* _Task_:
Going through the material below, output exactly the lines from the one containing "Das Apartment bietet" through the one containing "This stunning apartment", and no pictures.
== Listed entries
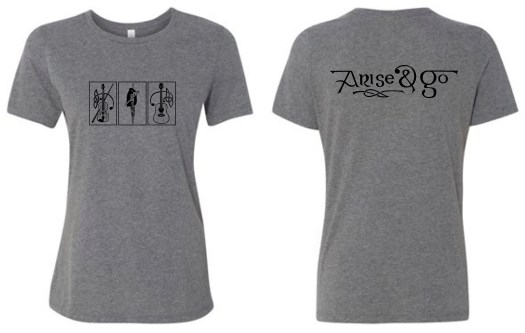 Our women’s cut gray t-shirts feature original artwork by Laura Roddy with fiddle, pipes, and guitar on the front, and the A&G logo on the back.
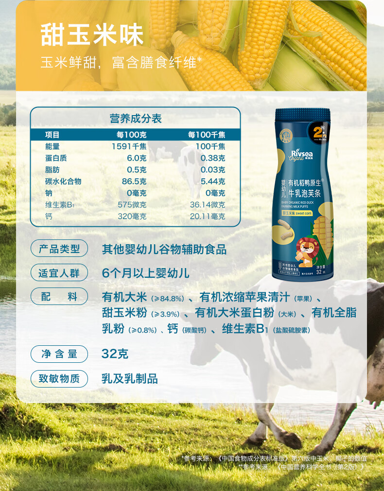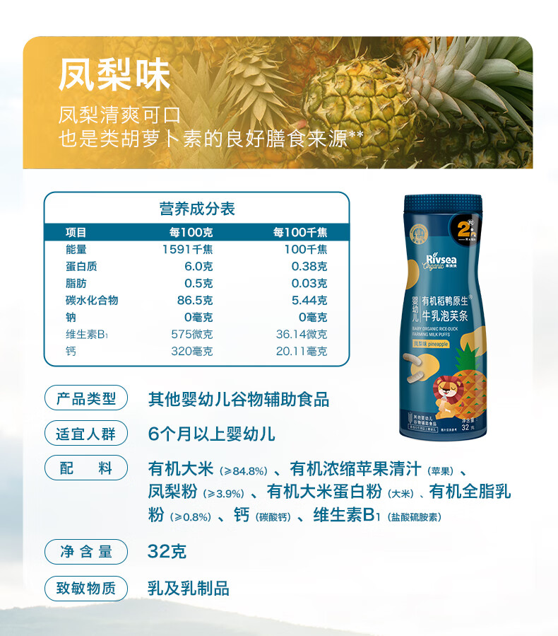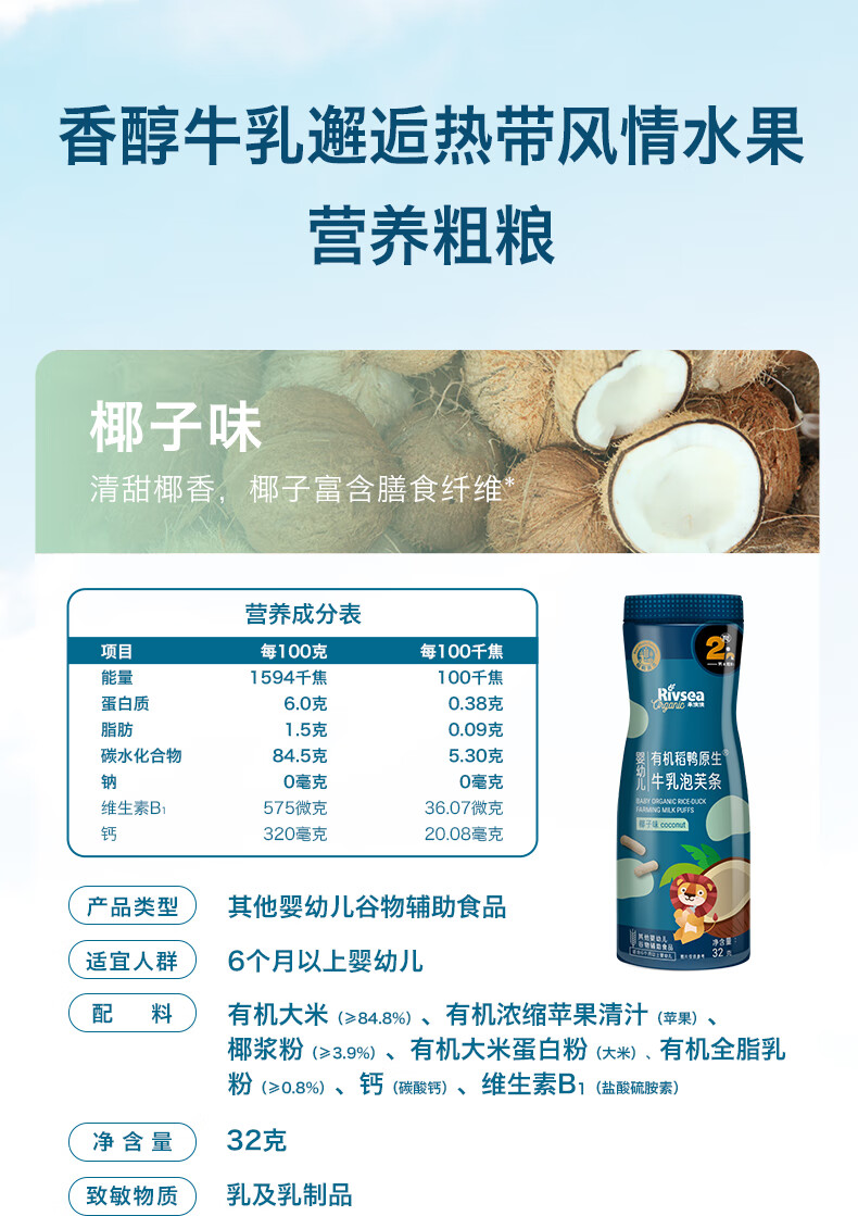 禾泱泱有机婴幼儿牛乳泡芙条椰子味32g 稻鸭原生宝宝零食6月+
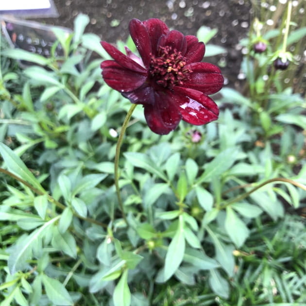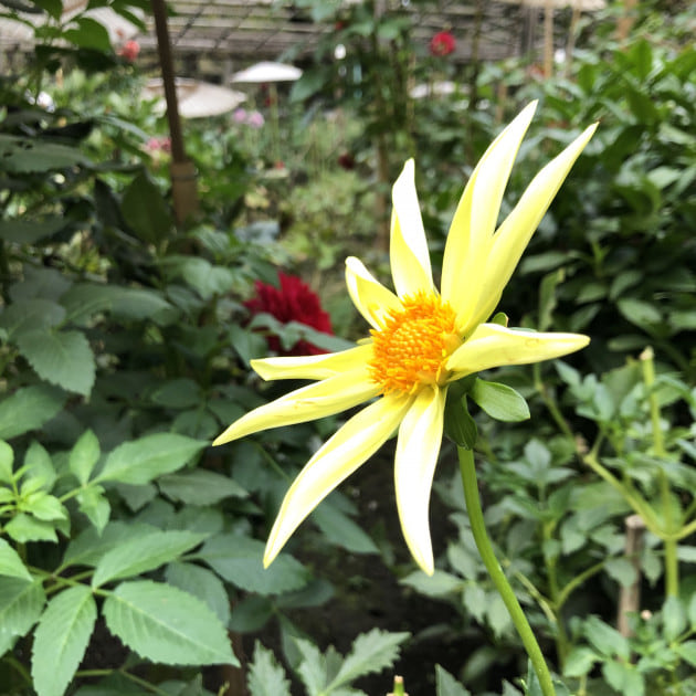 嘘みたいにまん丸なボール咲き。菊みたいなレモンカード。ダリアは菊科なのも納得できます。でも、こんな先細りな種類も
====
== Listed entries
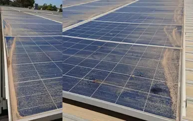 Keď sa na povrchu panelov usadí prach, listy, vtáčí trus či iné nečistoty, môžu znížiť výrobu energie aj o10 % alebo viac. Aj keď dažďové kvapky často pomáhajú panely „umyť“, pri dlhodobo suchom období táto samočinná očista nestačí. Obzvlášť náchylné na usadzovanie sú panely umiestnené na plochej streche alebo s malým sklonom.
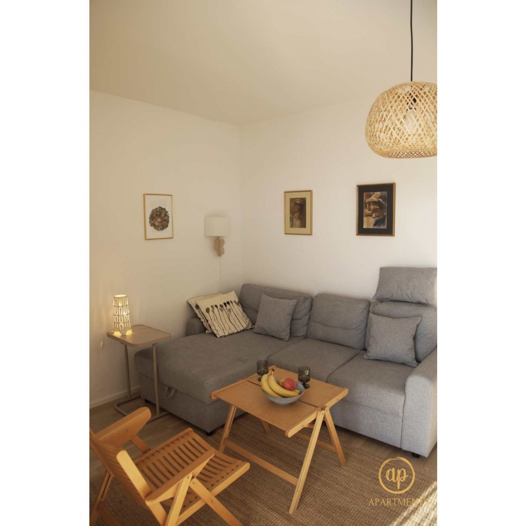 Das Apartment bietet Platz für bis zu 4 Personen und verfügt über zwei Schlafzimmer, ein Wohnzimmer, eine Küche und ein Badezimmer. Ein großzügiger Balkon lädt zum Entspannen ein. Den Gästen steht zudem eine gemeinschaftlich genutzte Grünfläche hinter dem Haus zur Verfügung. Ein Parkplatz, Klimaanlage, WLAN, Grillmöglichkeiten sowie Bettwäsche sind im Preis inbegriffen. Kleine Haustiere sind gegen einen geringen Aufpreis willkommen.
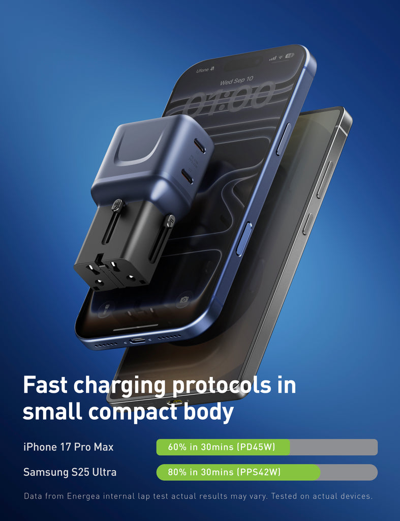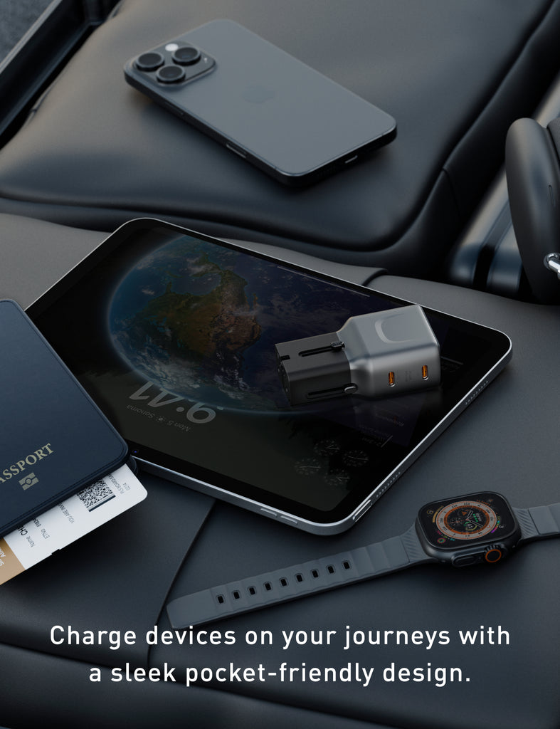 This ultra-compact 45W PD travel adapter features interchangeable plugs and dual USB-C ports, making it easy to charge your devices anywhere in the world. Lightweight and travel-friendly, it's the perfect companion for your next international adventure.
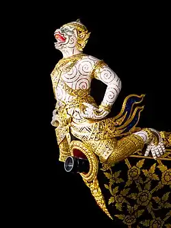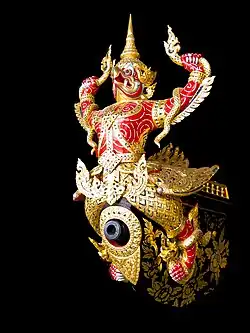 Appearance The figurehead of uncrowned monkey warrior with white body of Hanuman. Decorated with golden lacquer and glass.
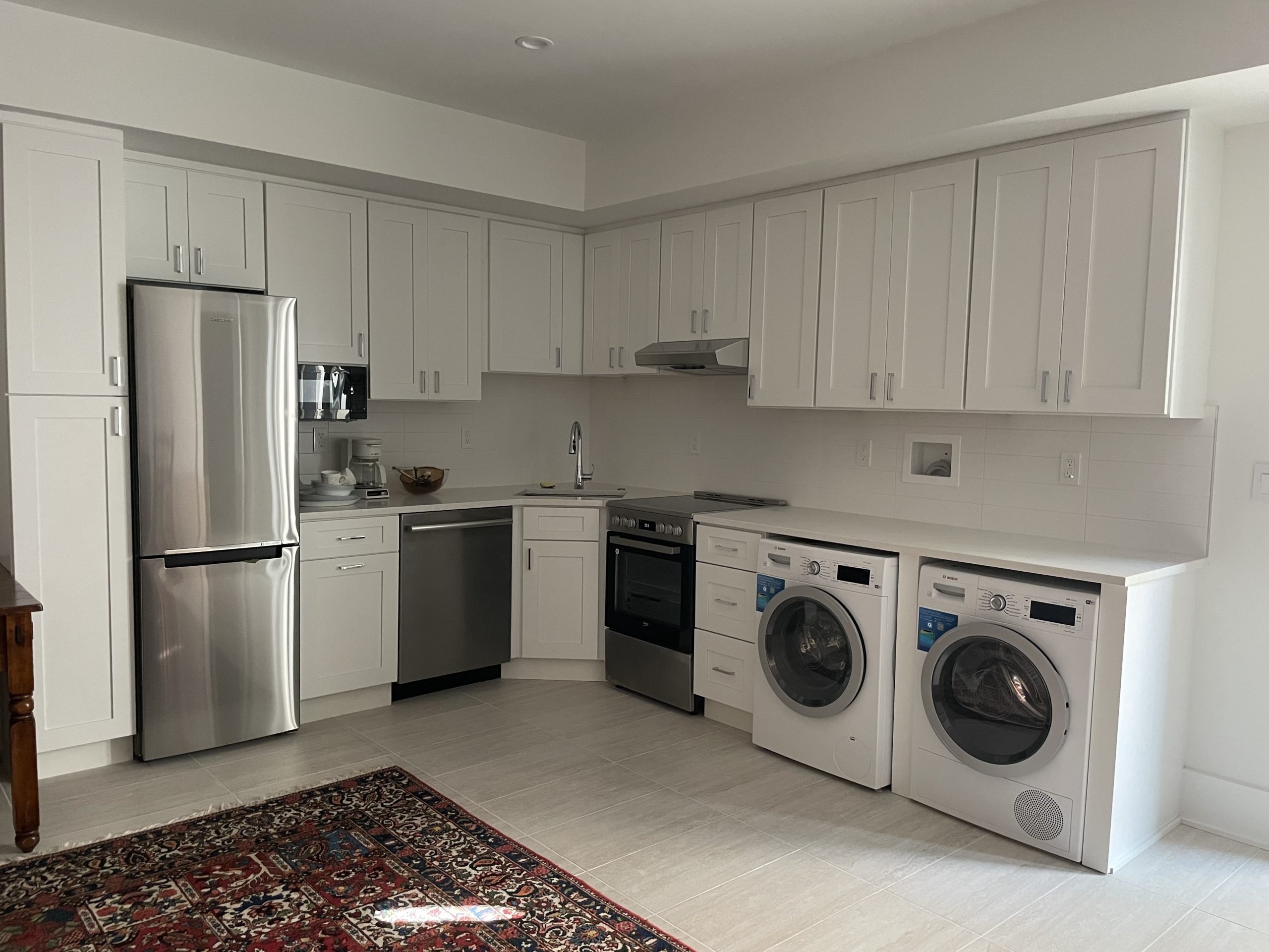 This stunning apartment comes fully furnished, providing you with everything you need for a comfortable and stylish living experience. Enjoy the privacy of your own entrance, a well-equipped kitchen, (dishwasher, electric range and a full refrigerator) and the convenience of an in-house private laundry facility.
====
* _Task result_:
 Das Apartment bietet Platz für bis zu 4 Personen und verfügt über zwei Schlafzimmer, ein Wohnzimmer, eine Küche und ein Badezimmer. Ein großzügiger Balkon lädt zum Entspannen ein. Den Gästen steht zudem eine gemeinschaftlich genutzte Grünfläche hinter dem Haus zur Verfügung. Ein Parkplatz, Klimaanlage, WLAN, Grillmöglichkeiten sowie Bettwäsche sind im Preis inbegriffen. Kleine Haustiere sind gegen einen geringen Aufpreis willkommen.
 This ultra-compact 45W PD travel adapter features interchangeable plugs and dual USB-C ports, making it easy to charge your devices anywhere in the world. Lightweight and travel-friendly, it's the perfect companion for your next international adventure.
 Appearance The figurehead of uncrowned monkey warrior with white body of Hanuman. Decorated with golden lacquer and glass.
 This stunning apartment comes fully furnished, providing you with everything you need for a comfortable and stylish living experience. Enjoy the privacy of your own entrance, a well-equipped kitchen, (dishwasher, electric range and a full refrigerator) and the convenience of an in-house private laundry facility.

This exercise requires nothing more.